I'll keep the old thread below as reference.
After taking a round of ensuring reproducibility and a pile of new
measurements I now can come back with several new insights.
FYI - I'm now running iozone triplets (4, then 8, then 16 parallel
threads) with sequential read load and all that 4 times to find
potential noise. But since I changed to that load instead of random read
wit hone thread and ensuring the most memory is cleared (sync + echo 3 >
/proc/sys/vm/drop_caches + a few sleeps) . The noise is now down <2%.
For detailed questions about the setup feel free to ask me directly as I
won't flood this thread too much with such details.
So in the past I identified git id e084b for bringing a huge
degradation, that is still true, but I need to revert my old statement
that unapplying e084b on v2.6.32 helps - it simply doesn't.

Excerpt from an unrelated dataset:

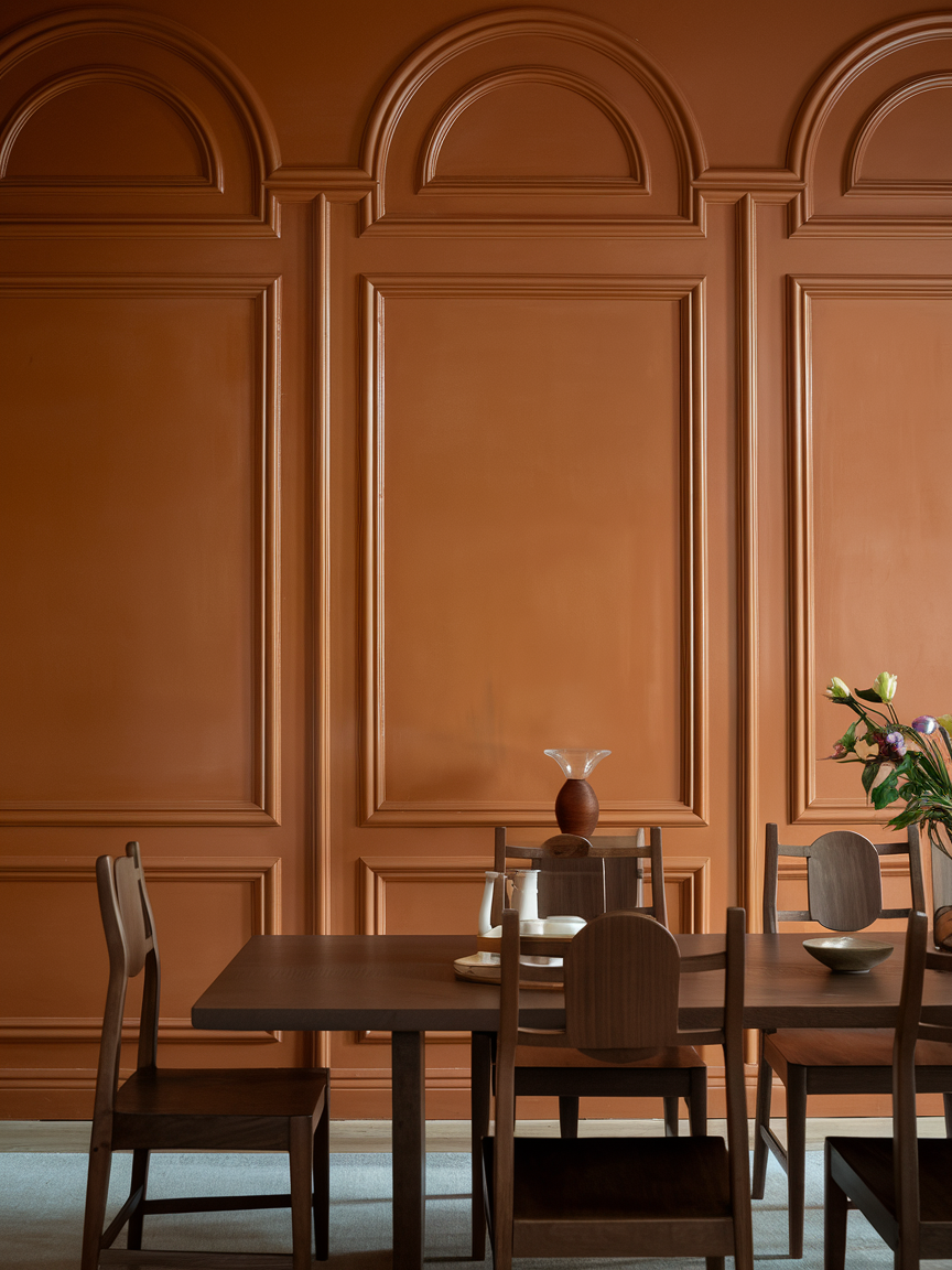 Wall paneling painted in muted orange tones introduces both color and architectural interest to your dining room. The added texture creates depth, making the space feel more layered and thoughtfully designed. Softer shades ensure the look remains elegant rather than overpowering, especially when paired with neutral furniture and minimal decor. Paneling works across various styles, from classic to contemporary, offering timeless appeal. Combined with warm lighting, it creates a cozy backdrop that enhances the dining experience while maintaining a polished aesthetic.

Another bisect (keepign e084b reverted) brought up git id 5f8dcc21 which
came in later. Both patches unapplied individually don't improve
anything. But both patches reverted at the same time on git v2.6.32
bring us back to our old values (remember that is more than 2Gb/s
improvement in throughput)!
Unfortunately 5f8dcc21 is as unobvious as e84b in explaining how this
can cause so much trouble.
In the past I identified congestion_wait as the point where the "time is
lost" when comparing good and bad case. Fortunately at least this is
still true when comparing 2.6.32 vs 2.6.32 with both patches reverted.

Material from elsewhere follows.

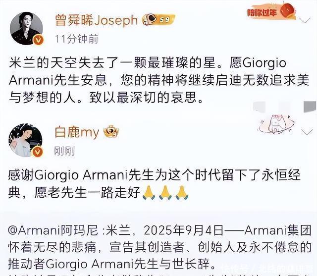 明星们都在哭阿玛尼去世了!但昨天抗战胜利纪念日,这些人却冷冷清清没几个人发声。这两天咱们老百姓看得真清楚,有些人心里到底装着谁? 昨天晚上十二点后,好多明星突然发长文说阿玛尼走了,说得那叫一个伤心啊!胡歌写了好长一段,说什么在威尼斯见过面,感觉特别难过。

So I upgraded my old counter patches a bit and can now report the following:
BAD CASE
4 THREAD
READ 8 THREAD READ 16 THREAD READ
16THR % portions
perf_count_congestion_wait
305 1970 8980
perf_count_call_congestion_wait_from_alloc_pages_high_priority
0 0 0
perf_count_call_congestion_wait_from_alloc_pages_slowpath
305 1970
8979 100.00%
perf_count_pages_direct_reclaim
1153 6818 3221
perf_count_failed_pages_direct_reclaim
305 1556 8979
perf_count_failed_pages_direct_reclaim_but_progress
305 1478
8979 27.87%
GOOD CASE WITH REVERTS 4 THREAD
READ 8 THREAD READ 16 THREAD READ
16THR % portions
perf_count_congestion_wait
25 76 1114
perf_count_call_congestion_wait_from_alloc_pages_high_priority
0 0 0
perf_count_call_congestion_wait_from_alloc_pages_slowpath
25 76
1114 99.98%
perf_count_pages_direct_reclaim
1054 9150 62297
perf_count_failed_pages_direct_reclaim
25 64 1114
perf_count_failed_pages_direct_reclaim_but_progress
25 57
1114 1.79%
I hope the format is kept, it should be good with every monospace viewer.
You can all clearly see that the patches somehow affect the ratio at
which __alloc_pages_direct_reclaim runs into a race between try_to_free
pages that could actually free something, but a few lines below can't
get a page from the free list.
Outside in the function alloc_pages_slowpath this leads to a call to
congestion_wait which is absolutely futile as there are absolutely no
writes in flight to wait for.
Now this kills effectively up to 80% of our throughput - Any idea of
better understanding the link between the patches and the effect is
welcome and might lead to a solution.
FYI - I tried all patches you suggested - none of them affects this.
Updated perf counter patches are attached.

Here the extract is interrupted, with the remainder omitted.